One of the best multiplayer games I've ever played.
SB II added way too many special bombs or whatever. Took away the 'simplicity' part of the game.
I was in unusual circumstances a few years back, which made social gaming not only necessary but desirable. (Necessary in the respect that there were very few alternatives for socialization, since we were working in an isolated area.)
I learned an important lesson from that: accessible multiplayer games can be a lot of fun. The only requirement is that there are a bunch of people in a room, and that those people want to have a good time. Once the games become online multiplayer, the lack of face-to-face interaction removes huge chunk of the fun. Once the games become too complex, skilled players do all of the winning and novices do all of the losing. (And how many people have fun when they are consistently losing?)
Now I can't speak for Ouya since I've never used the platform, but Nintendo did a good job of it with the Wii. From what I've seen of Android games, developers have done a good job of creating accessible games. (But since I've only ever played Android games on tablets, I don't know what face-to-face multiplayer is like.)

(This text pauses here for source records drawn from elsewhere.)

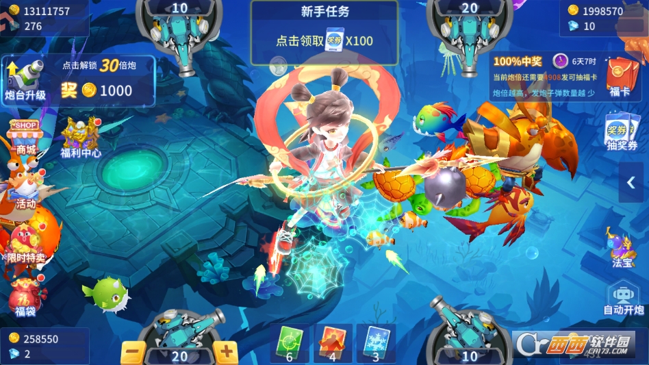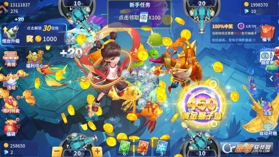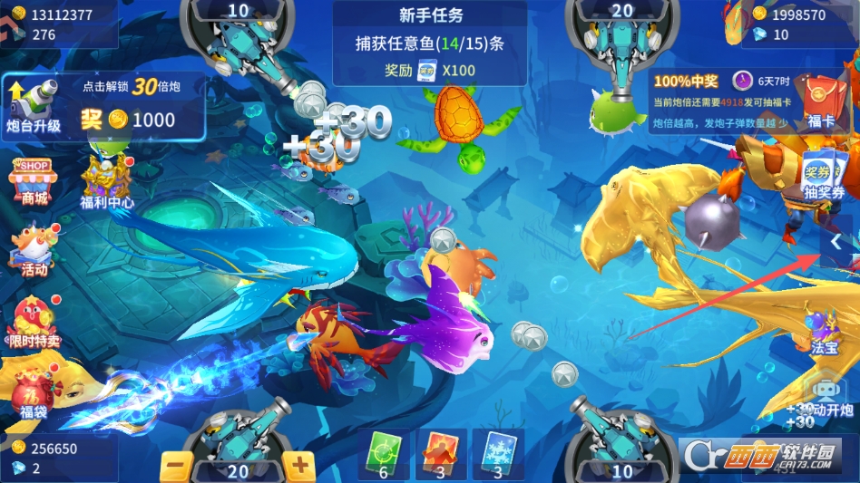 6. 保持40度左右的炮台角度,配合连续射击和左右交替开火的方式,能有效提升命中效率,遇到残血鱼时及时补炮,大概率能捡漏成功,收获额外奖励。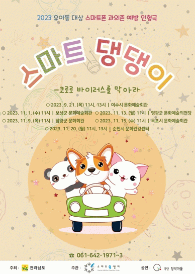 전남도는 21일 여수 문화예술회관에서 뮤지컬 인형극 ‘스마트 댕댕이 코로로 바이러스를 막아라’를 개최한다.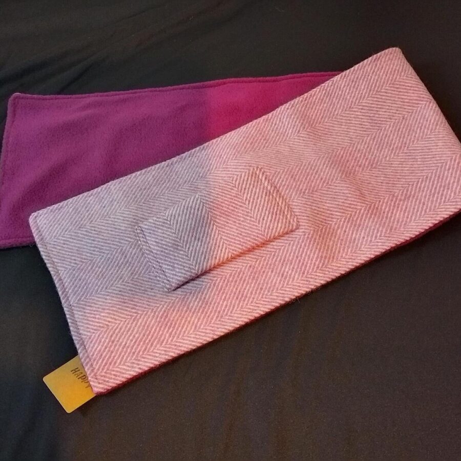 A stylish pink herringbone tweed scarf with plum fleece lining.

Combined with a USB MCE remote, the Ouya makes a fantastic XBMC media player -- there's a free 'official' XBMC release in the Ouya store which supports hardware video decoding, and plays back 1080p video without a hitch.
This is probably the very first time words "console games", "deep" and "complex" are used together in same sentence.

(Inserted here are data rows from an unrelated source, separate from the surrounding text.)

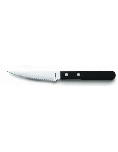 Cuchillo chuletero serrado de 21 cm, diseñado para profesionales de la restauración. Su mango de ABS negro y hoja dentada de acero inoxidable 13Cr garantizan resistencia a la corrosión y un corte...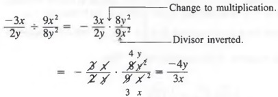 As in multiplication, when fractions in a quotient have signs attached, it is advisable to proceed with the problem as if all the factors were positive and then attach the appropriate sign to the solution.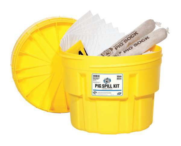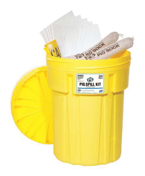 SKU G7950521CategoriesDescription Spill Kit, Fluids Absorbed Oil-Only, Volume Absorbed Per Kit 39 gal, Container Type Can, 55 gal Container Capacity, 26 4/5 in W x 33 in H Container Size, Yellow, Filled, Sorbents Included (2) 10 ft L x Ext. dia. 5 in Pig Oil-Only Absorbent Boom (BOM405), (40) 20 in L x 15 in W Pig STAT-MAT Absorbent Pad (MAT214), (9) 10 ft L x Ext. dia. 3 in Pig Oil-Only Absorbent Boom (BOM406)graingerSKU: 30RE18, mscSKU: , zoro_no: G7950521, mongo_id: 65bbe81a9a749db822775651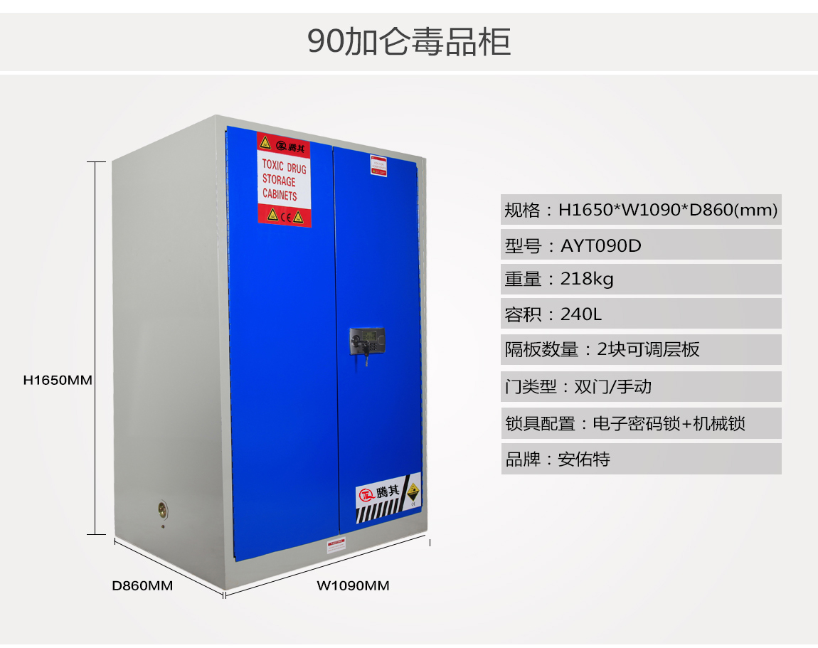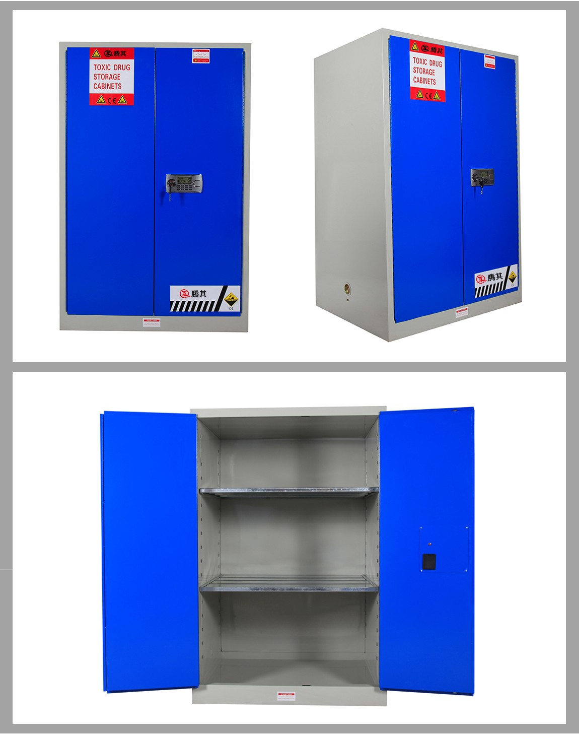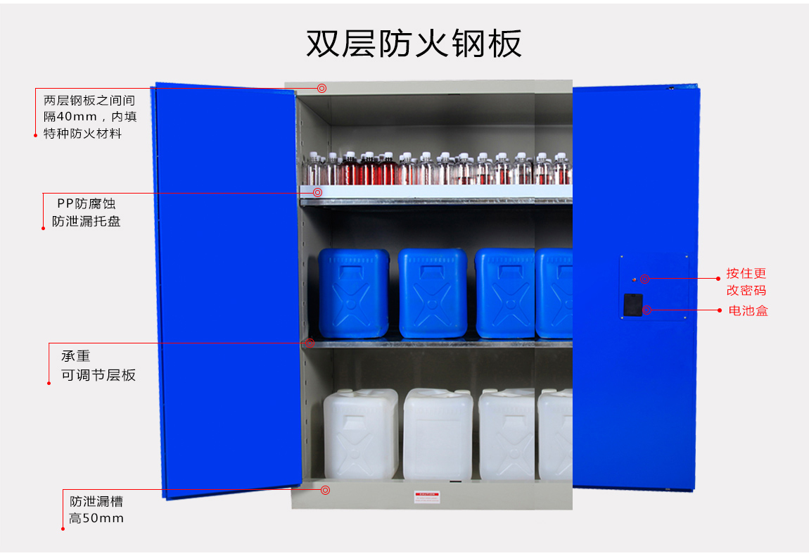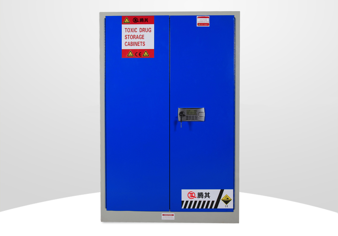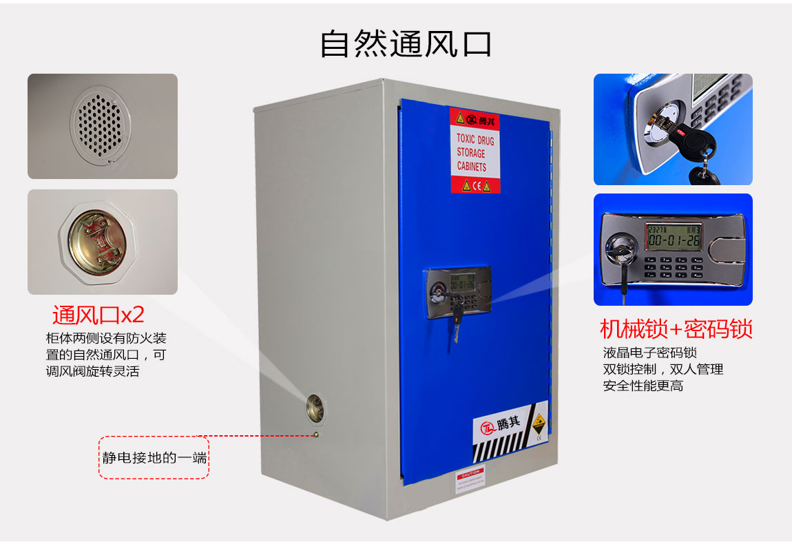 1:TQ腾其 剧毒药品储存柜整体为双层1.2mm防火钢板构造,两层钢板之间间隔40mm,绝缘层内填特种防火材料,防火性能更为卓越。柜体采用全焊接,非铆结构使其拥有更长的使用时间,因为减少了空气间隙可在着火时提供更好的防护。

This is an Ouya avertisement: https://www.youtube.com/watch?...
It contains cartoon vomit and a cartoon man beating himself to death with his own spine while up to his wasit in his own vomit. They could probably advertise better.

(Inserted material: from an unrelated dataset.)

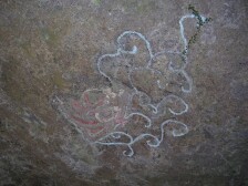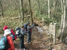 犬ヶ岳山頂にて集合写真を撮り、休憩をしたら大竿峠を目指し尾根歩きを進みます。アップダウンしますが、途中のピークがおそらく二の岳でしょうか(ガイドブックではそうなっているが)それとも犬ヶ岳が二の岳なのか、よくわかりませんが山頂から約20分ほどで大竿峠の到着です。一息ついて一の岳を目指します。木の階段を上り、左から右に巻くように稜線を歩き人上りすると一の岳山頂です。ベンチも2つあり広々として食事をするには最高の場所です。展望は西南側が素晴らしく英彦山方面が望めます。今日は陽射しが強く暑いくらいの陽気で食事をしました。食事を済ませ、集合写真を撮り、出発です。ここからは下り主体ですが、アップダウンを繰り返します。素晴らしいブナ林を歩き赤松の林を経て林道を2回横断し、、一の岳から約45分で杉の宿に着きます。杉の宿の案内板には「ここは広い台地になっており入峰のさいの秘密の行法を伝授したと言われている。また山伏の宿場にもなったところである。・・・・」と書かれています。休憩をしてさらに進むと新しい林道の工事が行われていました。なぜ必要なのかわかりませんが、山が傷つけられて痛々しく感じました。道はブナ等の落葉樹から杉や檜木の林となり、杉の宿から約30分で虎の宿に着きます。案内板には「この場所を虎の尾、また虎の宿と言って山伏の峰入の再の行場の一つであった。この下に岩窟がありその名を虎の窟という。ここには座主が発願造立した石仏が安置されている・・・・」とあります。虎の宿から急降下し、長い下りとなり、上り返すと虎の宿から約20分で胎蔵界護摩場跡に着きます。下山はここが分岐になります。ここより求菩提山の山頂を目指します。急登を約10分喘ぐと山頂です。集合写真を撮り下山です。護摩場跡まで戻り、五窟巡りをして求菩提資料館バス停駐車場に降ります。先週は樹氷やつららが見れましたが、このところ暖かいため全く見れませんでした。 <参考コースタイム> 犬ヶ岳登山口−(80分)−笈吊峠−(50分)−犬ヶ岳山頂−(20分)−大竿峠−(20分)−一の岳−(40分)−杉の宿−(30分)−虎の宿−(20分)−護摩場跡−(10分)−求菩提山頂−(60分)−求菩提資料館バス停 ※休憩は含んでいません。あくまでも参考時間です。全行程で約7.5時間でした。 <岩洞窟に立ち寄る> しんでんさんのお薦めで帰りに岩洞窟に寄る事にしました。そこには天井に描かれた壁画があります。「迦陵頻伽」と言う絵です。とてもめずらしいようで上半身が菩薩、下半身が鳥 でインドでは音楽の神とされ浄土では好声で鳴くとされているそうです。高さ約4mの岩天井に描かれていました。 |

Some of the games are great fun. Ballistic in particular. Not a lot of thinking involved, but fast, fun, and pretty.
Draw Rider is good on the Ouya as well. A couple of others come t mind.
My kids refuse to play it for the most part - they are too into their Xbox.
I am very small, utmostly microscopic.
I've been working on a framework/library for party games. Players use their phones as the controller but look at the same TV for the display. I've had 14 player bomberman, 17 player space wars, more coming.
http://greggman.github.io/HappyFunTimes/
Oh, that's right, you got your PS2 late in it's life so never did much online gaming.
If console games' online servers get taken down faster, how isn't that an advantage for PC games and their often player-run servers?
He claims that the vast majority of gamers are adults
They are, and have been since the PSone days. The average gamer is 31 years old. Didn't you read the ESA's 2014 report? Head to page 5.
That's interesting. In the 2011 version of the same ESA fact sheet, the average gamer was 35. I wonder what has been causing this downward trend. And that's still not a vast majority in the sense that the minority are an edge case not worth serving:
Just because 29% are a minority doesn't mean 29% aren't a market. Besides, don't a lot of parents game with their kids at least in part?
with pickup groups of strangers.
I didn't exactly say that.
Would "with pickup groups of strangers or with friends plucked from pickup groups of strangers" be any closer?
Where have you been the past 20 years, playing SNES games with babysat kids
Brawl is not for Super NES. Is PlayStation All-Stars Battle Royale any better?
Ouya tracks which apps you use and you can't use any without an Internet connection. I asked them to stop this, and they told me they don't really care what I think. They are dicks.